7.PoolSchedulable.updateDemand():第一句poolMgr.getMaxSlots(pool.getName(), taskType)是获取pool的最大slot数量,从配置文件获取,配置文件是之前加载过的,前面有说到。每个PoolSchedulable中都会存在多个JobSchedulable对象,在JobListener.addJob()时添加。一个JobSchedulable对应一个jobInProgress对象。然后调用JobSchedulable.updateDemand()更新每个JobSchedulable的slot的需求。
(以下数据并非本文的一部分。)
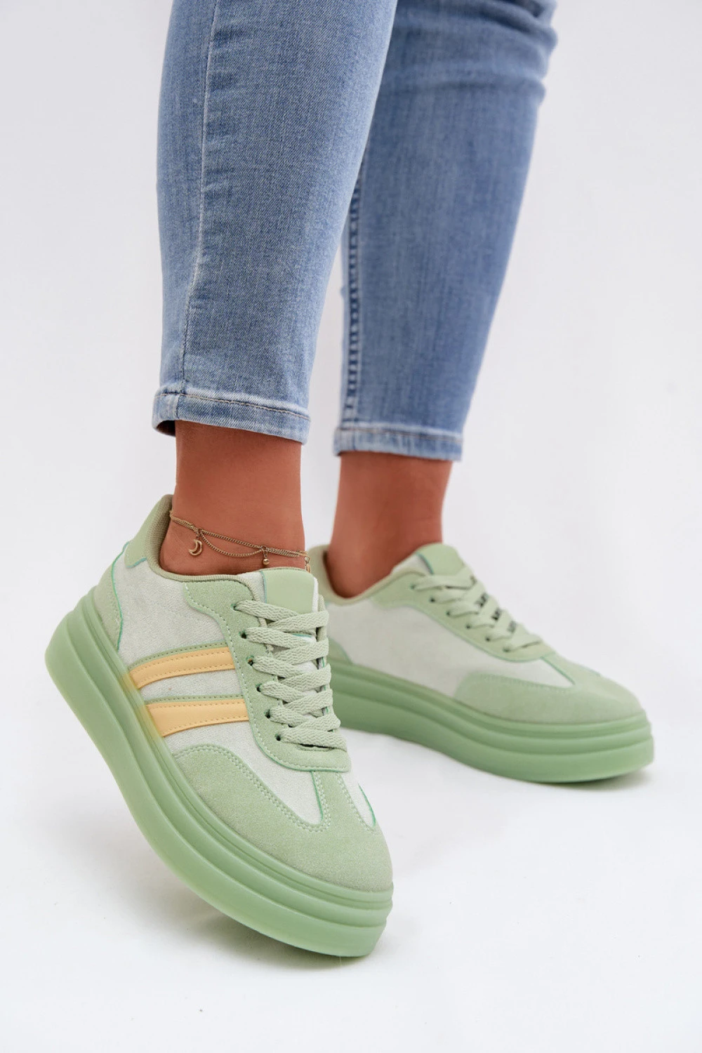 Stylové dámské tenisky z ekokože jsou pohodlnou volbou na každý den. Model osazený na platformě jemně zdůrazňuje postavu a poskytuje stabilitu během chůze. Dvě pásky umístěné po stranách dodávají sportovní, moderní charakter. Měkká pěnová vložka zaručuje pohodlí po celý den, díky čemuž se tenisky skvěle hodí do každodenních stylizací.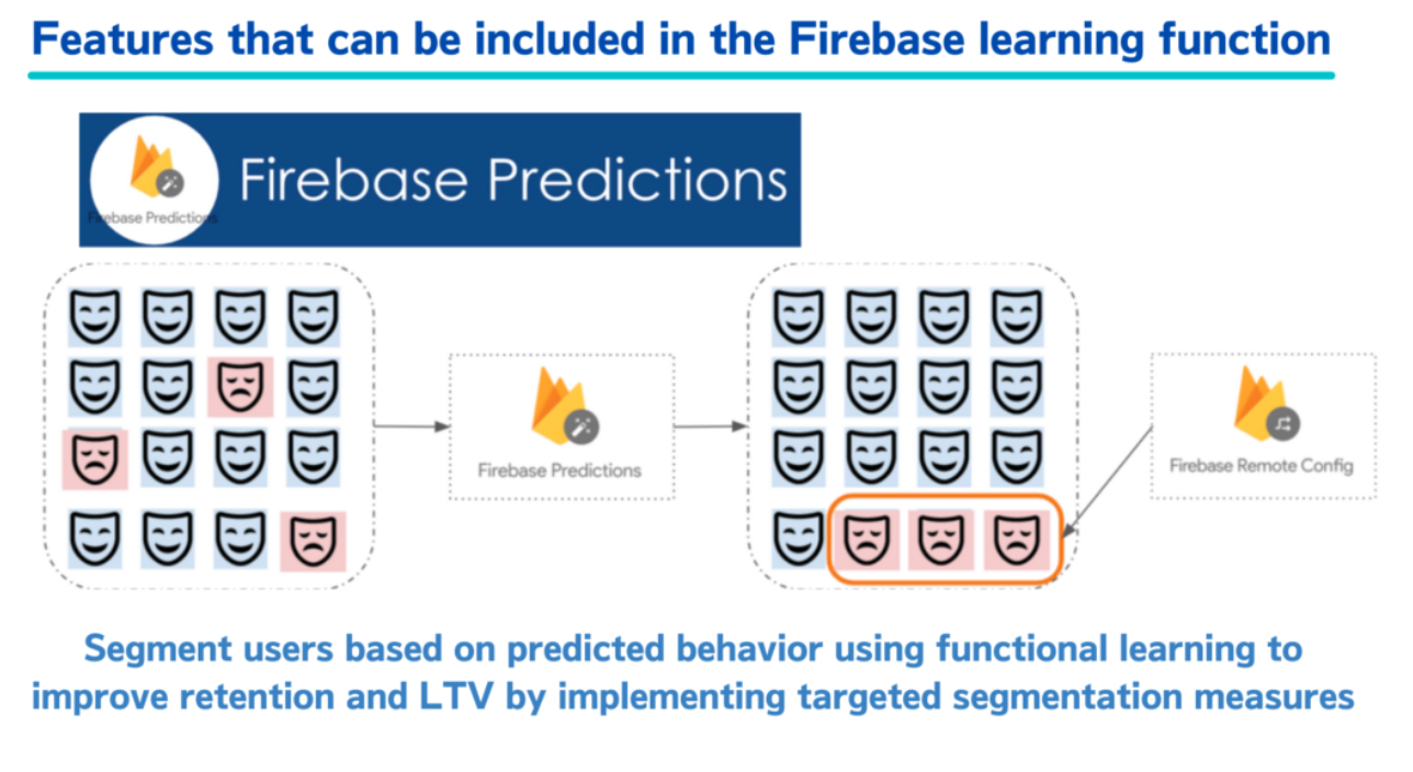 Firebase นำแมชชีนเลิร์นนิงไปใช้ในแอป เปิดใช้งานการแบ่งกลุ่มอัจฉริยะ ซึ่งเป็นการจัดประเภทอัตโนมัติที่ระบุผู้ใช้ที่ไม่น่าจะทำการซื้อในแอป และแสดงโฆษณาต่อผู้ที่ไม่ได้ซื้อเหล่านี้เท่านั้น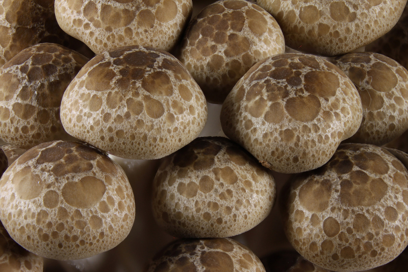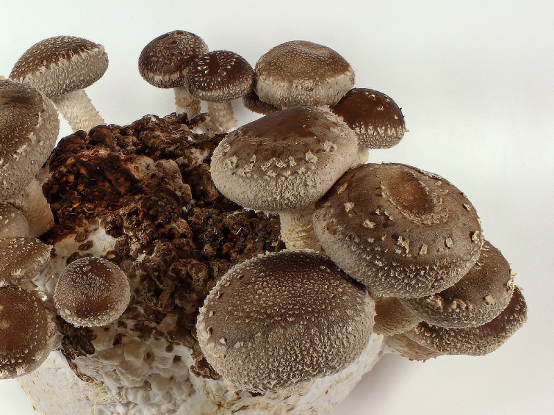 Substratblock mit fruktifizierendem Shiitake (Lentinula edodes)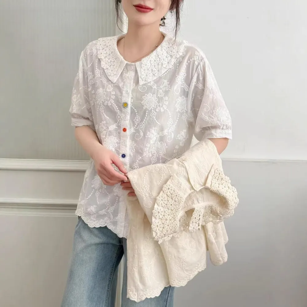 娃娃領襯衫女夏季新款時尚百搭寬松顯瘦減齡短袖上衣薄款小衫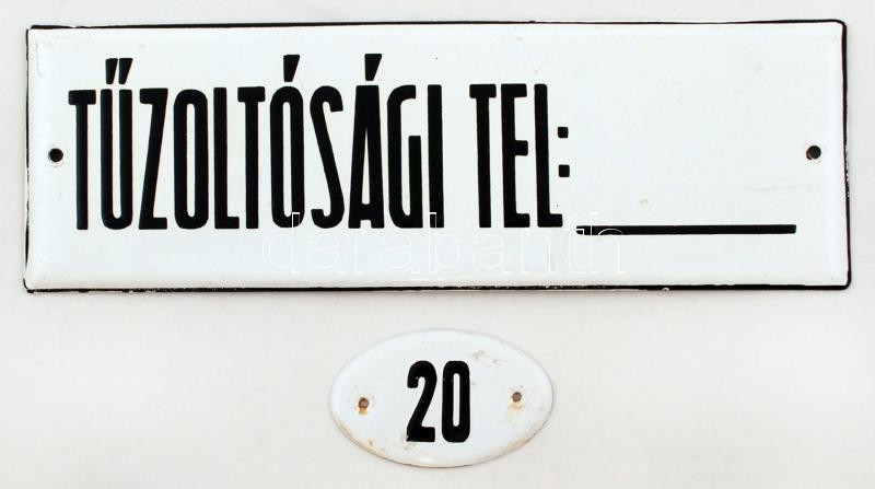 "Tűzoltósági tel:" és "20" feliratú fém tábla, 30x10 és 8x5 cm https://www.darabanth.com/de/250-Fernauktion/250.0/Andere-Sammelgebiete/Flohmarkt~1400024/Tuzoltosagi-tel-es-20-feliratu-fem-tabla-30x10-es-8x5-cm~II1208385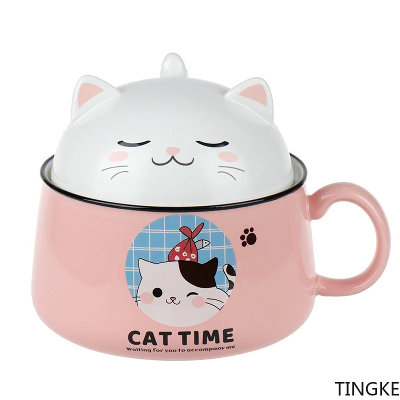 Миска для лапши быстрого приготовления большой емкости, милая керамическая фотоемкость с крышкой, Студенческая и офисная креативная японс...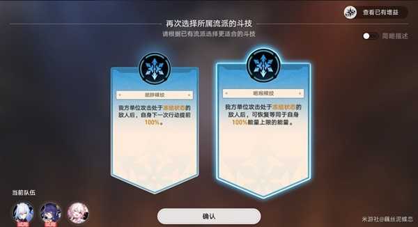 在斗技表演赛中,开拓者选择参加赛事后,会获得当前流派的核心斗技,击败对手后可以在当前流派的两个增强斗技中选择一个。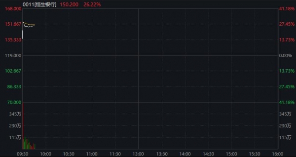 消息面,恒生银行在港交所公告称,汇丰银行建议以协议安排方式将恒生银行有限公司私有化。倘若计划生效,持有每股计划股份可获现金港币155.00元(扣除股息调整金额,如有)。

public void updateDemand() {
// limit the demand to maxTasks
int maxTasks = poolMgr.getMaxSlots(pool.getName(), taskType);
demand = 0;
for (JobSchedulable sched: jobScheds) {
sched.updateDemand();
demand += sched.getDemand();
if (demand >= maxTasks) {
demand = maxTasks;
break;
}
}
if (LOG.isDebugEnabled()) {
LOG.debug("The pool " + pool.getName() + " demand is " + demand
+ "; maxTasks is " + maxTasks);
}
}
8.JobSchedulable.updateDemand():首先第一步就是判断该JobSchedulable的job是否已运行(RUNNING),没有运行则不分配slot。然后判断该JobSchedulable是Map还是Reduce,如果是Reduce则需先判断完成的Map数量(finishedMapTasks)数量+失败的Map(failedMapTIPs)数量>=completedMapsForReduceSlowstart(由"mapred.reduce.slowstart.completed.maps参数值*numMapTasks),满足则表示Reduce任务可以启动,否则不可启动。而对于Map任务直接计算其slot需求。TaskInProgress[] tips = (taskType == TaskType.MAP ? job.getTasks(TaskType.MAP) : job.getTasks(TaskType.REDUCE)),获取对应的taskInPorgress数量(tip),boolean speculationEnabled = (taskType == TaskType.MAP ?job.getMapSpeculativeExecution() : job.getReduceSpeculativeExecution())判断是否启用推测执行,double avgProgress = (taskType == TaskType.MAP ?job.getStatus().mapProgress() : job.getStatus().reduceProgress())获取map/reduce任务的进度,即map/reduce已完成多少,之后计算每个taskInProgress的slot需求。如果taskInProgress未完成则正在运行中,则demand += tip.getActiveTasks().size()计算出所需的slot数量,而tip的ActiveTasks则是任务调用的时候,即调用tip.addRunningTask()方法时添加的,而该方法的调用者则是FairScheduler的assignTasks()方法,即方法调度。获取到tip的activeTasks数量,则就是该tip所需要的slot数量,同时如果启用了推测执行,则还需多加一个slot用于推测执行任务,这样就获得了一个JobSchedulable所需的总slot数量,求和即为这个pool所需的总slot数量,当所需数量大于maxTasks(该pool所拥有的最大slot数),则返回。继续回到FairScheduler.update()方法。
9.FairScheduler.update():
List<PoolSchedulable> mapScheds = getPoolSchedulables(TaskType.MAP);
List<PoolSchedulable> reduceScheds = getPoolSchedulables(TaskType.REDUCE);
SchedulingAlgorithms.computeFairShares(
mapScheds, clusterStatus.getMaxMapTasks());
SchedulingAlgorithms.computeFairShares(
reduceScheds, clusterStatus.getMaxReduceTasks());
// Use the computed shares to assign shares within each pool
for (Pool pool: poolMgr.getPools()) {
pool.getMapSchedulable().redistributeShare();
pool.getReduceSchedulable().redistributeShare();
}
if (preemptionEnabled)
updatePreemptionVariables();
这里涉及的就是FairScheduler的核心之处——资源分配算法。先看看前两句,前两句就是获取所有的MapPoolSchedulable和ReducePoolSchedulable,一个pool中分别包含一个MapPoolSchedulable和ReducePoolSchedulable。下面两句就是具体的资源分配,调用的是SchedulingAlgorithms类进行资源分配的。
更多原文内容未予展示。